One study found that individuals with depression had a heightened sensitivity to social threats (Perkins and colleagues, 2020) when compared to those without. This can lead to stronger fear, and when combined with the changes in how we experience social interactions when depressed, it can lead us to feel even more rejected and alone.

Research has found increased activation in certain brain regions associated with threat among individuals living with depression when shown pictures of faces even among a sample of young adults not in a current depressive episode (Jenkins and colleagues, 2016).

What this might translate to is feeling a sense of hostility or judgment from others even when that wasn't meant. For someone struggling with depression, particularly if mixed with social anxieties, this can trigger a spiral.

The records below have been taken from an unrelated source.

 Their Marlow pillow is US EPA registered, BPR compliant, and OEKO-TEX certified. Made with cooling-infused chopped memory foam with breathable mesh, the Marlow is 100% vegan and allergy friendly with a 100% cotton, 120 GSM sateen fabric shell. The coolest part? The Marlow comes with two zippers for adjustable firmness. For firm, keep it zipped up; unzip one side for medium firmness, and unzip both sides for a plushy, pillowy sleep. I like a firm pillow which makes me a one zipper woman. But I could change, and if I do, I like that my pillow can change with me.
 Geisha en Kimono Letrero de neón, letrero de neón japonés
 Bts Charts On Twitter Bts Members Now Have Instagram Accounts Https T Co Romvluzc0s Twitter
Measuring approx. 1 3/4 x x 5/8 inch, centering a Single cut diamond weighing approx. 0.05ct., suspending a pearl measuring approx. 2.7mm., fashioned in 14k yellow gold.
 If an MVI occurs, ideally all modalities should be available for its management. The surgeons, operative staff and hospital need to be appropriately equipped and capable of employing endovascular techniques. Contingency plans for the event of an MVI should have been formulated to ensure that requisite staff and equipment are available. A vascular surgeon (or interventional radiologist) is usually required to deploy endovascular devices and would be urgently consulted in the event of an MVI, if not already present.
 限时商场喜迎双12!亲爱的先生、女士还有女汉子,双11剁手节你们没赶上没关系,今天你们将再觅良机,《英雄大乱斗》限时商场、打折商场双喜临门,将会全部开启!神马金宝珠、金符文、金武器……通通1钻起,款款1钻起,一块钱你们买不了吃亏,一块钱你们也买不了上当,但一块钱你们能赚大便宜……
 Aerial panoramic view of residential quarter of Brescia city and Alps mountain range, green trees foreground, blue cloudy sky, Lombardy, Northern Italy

Interpersonal sensitivity, like having a stronger reaction to criticism, is associated with depression (Xu and colleagues, 2022). This could create a vicious cycle of depressive thinking and misreading social cues in a way that we believe confirms those negative beliefs about ourselves and how others see us. This may lead to more depression, thus perpetuating the cycle.

What We Can Do About It

Recognizing how depression may be affecting your relation to other people and their emotions can help you both embrace the strengths and counteract the challenges. Allowing your appreciation for the suffering of others to translate into compassionate acts is one way to draw from this strength. In addition, taking time to pause and recognize that depression can cause others' responses to you to feel darker than they are, could help mitigate the effects of the distortion.

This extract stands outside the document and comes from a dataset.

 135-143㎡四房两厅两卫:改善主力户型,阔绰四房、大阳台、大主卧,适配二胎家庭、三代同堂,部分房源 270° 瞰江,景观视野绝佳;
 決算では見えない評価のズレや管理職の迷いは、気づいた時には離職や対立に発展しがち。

If you a struggling significantly with social aspects of depression, psychotherapy can help. Mentalization-based therapy and interpersonal therapy focus especially on the relationship pieces to depression. Also, cognitive behavioral therapy and acceptance commitment therapy can assist with the thought spirals that sometimes accompany this giving you the clarity to move toward your valued goals.

References

Perkins, A. M., Bley, J. G., Cleare, A. J., Young, A. H., Corr, P. J., Dohrenbusch, R., & Ettinger, U. (2020). Threat-sensitivity in affective disorders: A case-control study. Journal of affective disorders, 266, 595-602.

Nejati, V. (2018). Negative interpretation of social cue in depression: Evidence from reading mind from eyes test. Neurology, Psychiatry and Brain Research, 27, 12-16.

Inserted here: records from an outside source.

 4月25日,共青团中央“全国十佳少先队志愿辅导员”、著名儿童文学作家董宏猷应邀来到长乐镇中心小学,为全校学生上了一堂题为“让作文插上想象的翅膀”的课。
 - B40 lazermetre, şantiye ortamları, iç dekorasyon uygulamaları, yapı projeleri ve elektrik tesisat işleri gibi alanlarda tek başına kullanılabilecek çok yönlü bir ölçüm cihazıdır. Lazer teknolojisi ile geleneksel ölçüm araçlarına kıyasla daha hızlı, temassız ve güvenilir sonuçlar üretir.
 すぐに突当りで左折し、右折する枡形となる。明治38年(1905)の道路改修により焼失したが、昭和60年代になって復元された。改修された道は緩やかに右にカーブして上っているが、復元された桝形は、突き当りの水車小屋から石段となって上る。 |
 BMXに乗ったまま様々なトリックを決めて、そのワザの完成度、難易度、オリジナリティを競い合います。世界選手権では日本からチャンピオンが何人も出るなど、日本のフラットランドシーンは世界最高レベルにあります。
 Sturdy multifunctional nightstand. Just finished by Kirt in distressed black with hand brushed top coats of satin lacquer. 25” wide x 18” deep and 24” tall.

Jenkins, L. M., Kassel, M. T., Gabriel, L. B., Gowins, J. R., Hymen, E. A., Vergés, A., & Langenecker, S. A. (2016). Amygdala and dorsomedial hyperactivity to emotional faces in youth with remitted Major Depression. Social cognitive and affective neuroscience, 11(5), 736-745.

Xu, H., Peng, L., Wang, Z., Zeng, P., & Liu, X. (2022). Interpersonal sensitivity on college freshmen’s depression: a moderated moderation model of psychological capital and family support. Frontiers in Psychiatry, 13, 921045.